> **INSTRUCTIONS FOR THE TASK**
Below are some records. Return exactly their lines from the one containing "Great opportunity to" through the one containing "A transparência do", and drop the pictures.

-- RECORDED INFORMATION follows --

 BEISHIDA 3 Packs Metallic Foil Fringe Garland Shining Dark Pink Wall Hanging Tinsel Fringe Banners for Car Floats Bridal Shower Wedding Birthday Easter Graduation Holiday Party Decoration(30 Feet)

-- RECORDED INFORMATION concluded --
-- RECORDED INFORMATION follows --

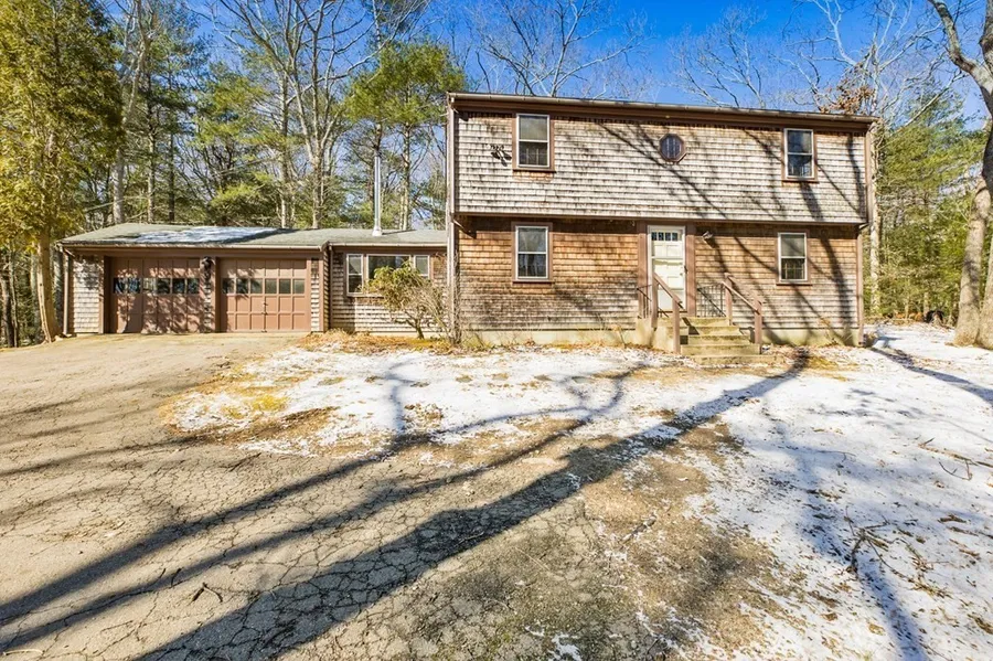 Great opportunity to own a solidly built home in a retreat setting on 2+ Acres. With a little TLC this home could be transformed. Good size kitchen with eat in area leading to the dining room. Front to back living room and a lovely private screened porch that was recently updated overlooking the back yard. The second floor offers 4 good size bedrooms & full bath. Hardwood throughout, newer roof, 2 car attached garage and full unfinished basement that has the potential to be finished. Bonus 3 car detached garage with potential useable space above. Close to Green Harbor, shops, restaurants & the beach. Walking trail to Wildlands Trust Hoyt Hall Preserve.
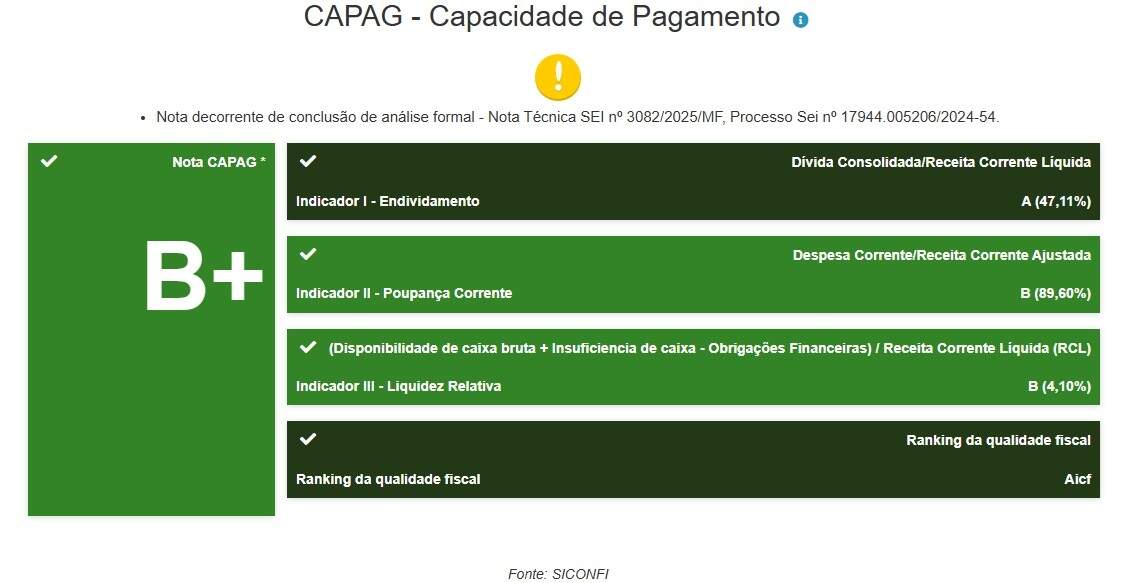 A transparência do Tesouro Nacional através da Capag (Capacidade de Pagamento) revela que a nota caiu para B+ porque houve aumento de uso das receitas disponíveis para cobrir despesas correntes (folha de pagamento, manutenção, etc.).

-- RECORDED INFORMATION concluded --

> **TASK ANSWER**
 Great opportunity to own a solidly built home in a retreat setting on 2+ Acres. With a little TLC this home could be transformed. Good size kitchen with eat in area leading to the dining room. Front to back living room and a lovely private screened porch that was recently updated overlooking the back yard. The second floor offers 4 good size bedrooms & full bath. Hardwood throughout, newer roof, 2 car attached garage and full unfinished basement that has the potential to be finished. Bonus 3 car detached garage with potential useable space above. Close to Green Harbor, shops, restaurants & the beach. Walking trail to Wildlands Trust Hoyt Hall Preserve.
 A transparência do Tesouro Nacional através da Capag (Capacidade de Pagamento) revela que a nota caiu para B+ porque houve aumento de uso das receitas disponíveis para cobrir despesas correntes (folha de pagamento, manutenção, etc.).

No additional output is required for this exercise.